Internationalization requires additional character classifications to accommodate rules
and symbols beyond those included in the ASCII character set.
Case Classification
Classifying characters by uppercase or lowercase does not satisfy all international
character sets. Many writing systems such as Arabic, Hindi, and Japanese have
character sets that are not differentiated by case. Languages that do differentiate by
case contain exceptions. In German, for example, the lowercase character ß has no
single-character, uppercase equivalent. Instead, the character ß is converted to the
two uppercase characters SS.
New Character Classifications
Most programming languages do not allow classifying character sets for languages
that are not Latin-based. The phonetic and ideographic writing systems are two
examples of systems that do not classify characters. For languages like Hindi and
Thai, classes must differentiate between vowels and consonants.
Classification Functions
Programs often process characters based on their character classification groups.
Internationalized character classification functions are locale-dependent and help
programmers avoid hard-coding characters that belong to a given class. Some
programming languages provide classification features to support internationalization.

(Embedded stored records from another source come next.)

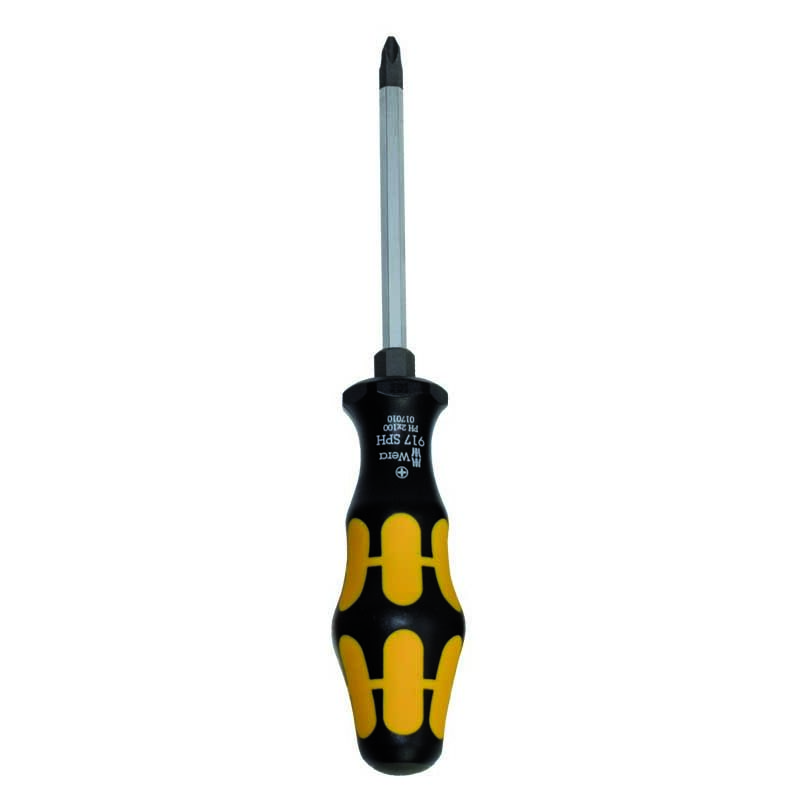 Profilo a croce PH 2 X 100 Giraviti professionali con impugnatura ergonomica in materiale bi-componente antiscivolo. Studiato per essere utilizzato anche come scalpello, esagono integrato nella lama per utilizzare chiavi fisse per un ulteriore forza di serraggio. MADE IN GERMANY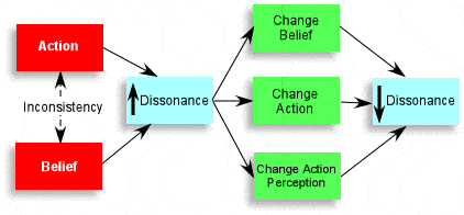 Festinger argumenterede for at kognitiv dissonans gør at det er usandsynligt at personer med stærke overbevisninger ændre holdninger, selvom de præsenteres for meningsfyldte modargumenter.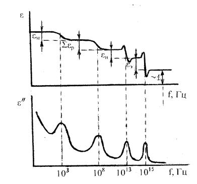 Рис.6. Обобщенная зависимость диэлектрической проницаемости вещества от частоты поляризующего поля (на нижнем графике вместо должно быть tg )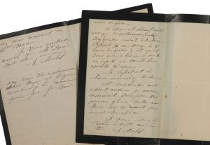 sachant Laguerre et Clemenceau absents de Paris, elle demande l’adresse du député Clovis Hugues (1851-1907) : « Sans travail, ayant deux petits enfants malades et sa femme condamnée à trois mois de prison (ce qui vous prouve qu’elle n’a pas fait grand chose), il ne lui reste plus que quelques jours, mais si elle les fait ses enfants (et peut-être son mari) n’existeront plus… » - 1 LAS à Barrois. 29 juillet 1885. 2 p. sur 1 bifeuillet in-8 (20,8 x 17,5 cm), papier de deuil. La lettre court sur son cousin Lucien Dacheux : Louise Michel demande s’il est possible lui faire obtenir une place de concierge dans l’entrepôt de vins où il travaille depuis quinze ans. C’est Paul Argyriadès, sympathisant guesdiste, qui est chargée de porter la lettre. » c’est seulement un changement d’occupation à cause de sa maladie » précise Louise Michel. À la première lettre, petite déchirure en pied, au niveau de la pliure.

The C programming language, for example, includes the isalpha() function to
determine if a character is a valid alphabetic character. Instead of comparing a
character to hard-coded characters in the ASCII code set, a program calls isalpha()
to determine if the character belongs to the alphabet class appropriate to the current
locale. The isalpha() function can then be used to determine if a character belongs
to the alphabet class of a new locale.
For example, in a program enabled for the US English locale, isalpha() returns
false to verify that the character í is not a valid member of the US English alphabet. If
the same program is enabled for Spanish, isalpha() returns true because the
character í is a valid member of the Spanish alphabet.
The C programming language also has routines that perform class conversions. For
example, tolower() converts uppercase characters to lowercase characters. Most
existing C-type functions, however, provide support only for the ASCII code set.